§ WHAT TO PRODUCE:
Give exactly the lines from the one with "Visionary portrait, stylized" through the final line of the listing below, both included, leaving out any pictures.

§ RECORDED INFORMATION:
□ □ □ □
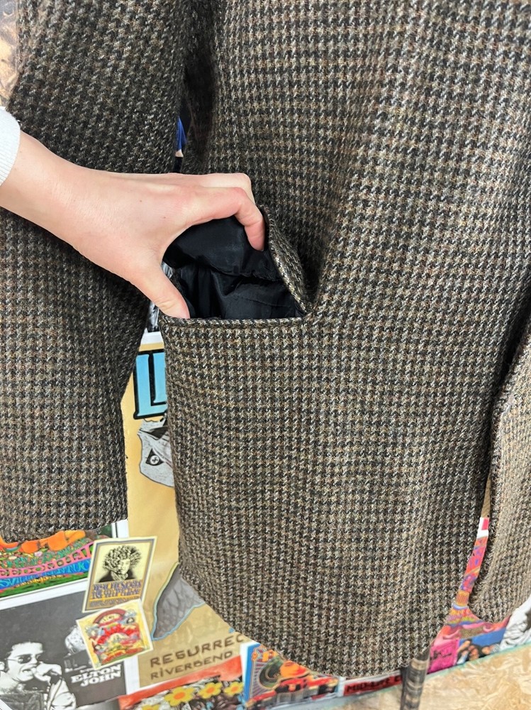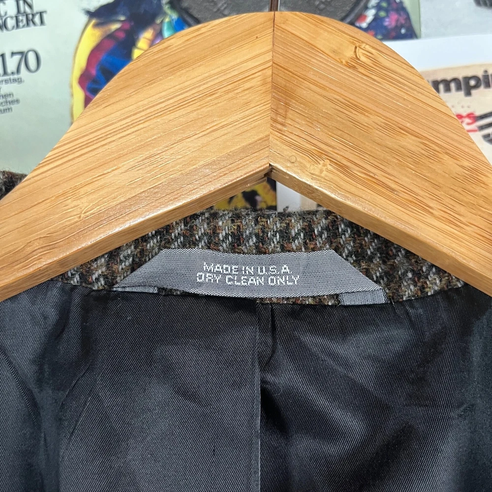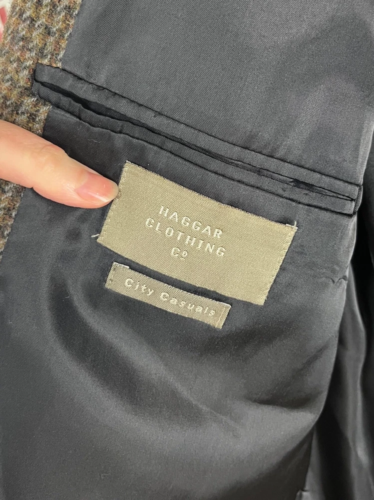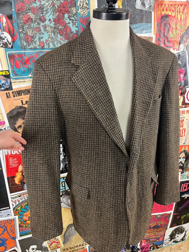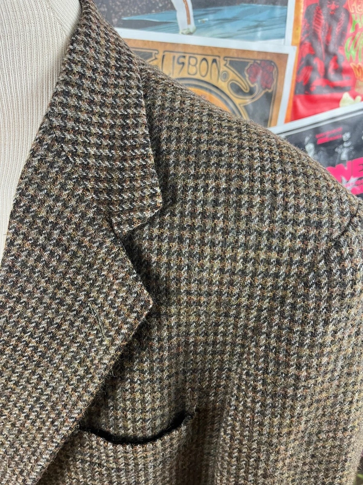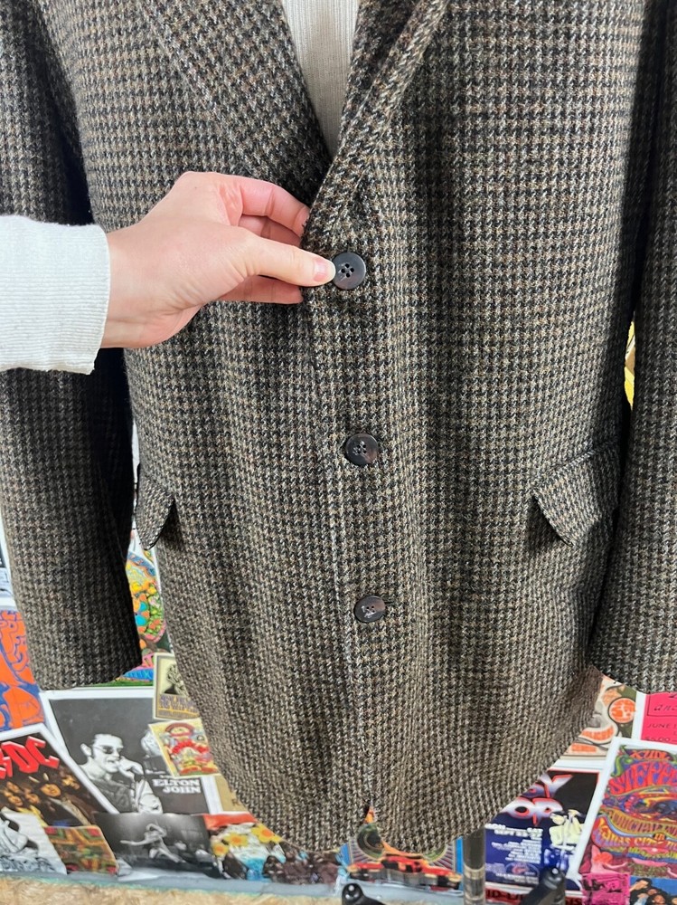 Front Type: Flat Front Jacket Vent Style: Single-Vented Jacket Sleeve Button Style: Three-Button Brand: Haggar Personalize: No Size: 44L Jacket/Coat Length: Regular Handmade: No Color: Brown Chest Size: 44 Lining Material: Wool Blend Style: N/A Leg Style: N/A Waist Size: 43 in Type: Blazer Jacket Front Button Style: Three-Button Fit: Regular Occasion: Business, Casual, Formal, Party/Cocktail, Travel, Wedding Jacket Lapel Style: Notch Number of Pieces: 1 Piece Size Type: Regular Country/Region of Manufacture: United States Garment Care: Dry Clean Only Vintage: Yes Season: Fall, Spring, Summer, Winter Material: Wool, Pure Wool Features: Inner Pockets Theme: 80s, American Made, Classy, Dad, Dadcore, Grandpa, Grandpacore Jacket Cut: Single-Breasted Department: Men Seller Notes: “Good” Fabric Type: Tweed Pattern: Houndstooth
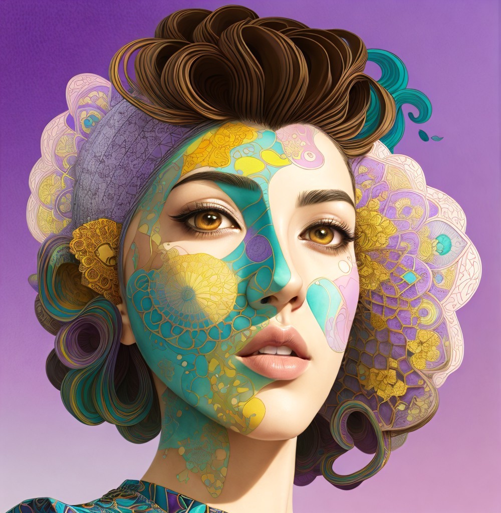 Visionary portrait, stylized woodblock print, watercolor and ink, stylized Hair in mandelbrot fibonacci style, contrasting colors, ink flow, Girih tiling in background, arabesque, ethereal, unique, plasticity 1.8, tetradic colour scheme grey purple teal ochre, perfect handsface, 3d effects 1.3, grey rim lighting from top to center, hues, style of Harrison fisher, Margaret Keane, Overton loyd, anisotropic filtering 1.4, hues, raytraced shadows, comical, hallucinatory, low key lighting, varnish, ethereal, American gothic 1.6, high coloring, abstract, synthetic, hdr, octane render, juvenile, beautiful composition 1.5,
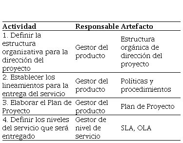 Elaboración propia a partir de Sanguino Reyes (2019).Las Tablas 5 y 6 detallan la información de esta etapa en términos de las actividades que la componen, los roles asociados a la ejecución de estas y los entregables generados, tanto para el cliente, como para el proveedor, respectivamente.
□ □ □ □
§ COMPLETED EXERCISE:
 Visionary portrait, stylized woodblock print, watercolor and ink, stylized Hair in mandelbrot fibonacci style, contrasting colors, ink flow, Girih tiling in background, arabesque, ethereal, unique, plasticity 1.8, tetradic colour scheme grey purple teal ochre, perfect handsface, 3d effects 1.3, grey rim lighting from top to center, hues, style of Harrison fisher, Margaret Keane, Overton loyd, anisotropic filtering 1.4, hues, raytraced shadows, comical, hallucinatory, low key lighting, varnish, ethereal, American gothic 1.6, high coloring, abstract, synthetic, hdr, octane render, juvenile, beautiful composition 1.5,
 Elaboración propia a partir de Sanguino Reyes (2019).Las Tablas 5 y 6 detallan la información de esta etapa en términos de las actividades que la componen, los roles asociados a la ejecución de estas y los entregables generados, tanto para el cliente, como para el proveedor, respectivamente.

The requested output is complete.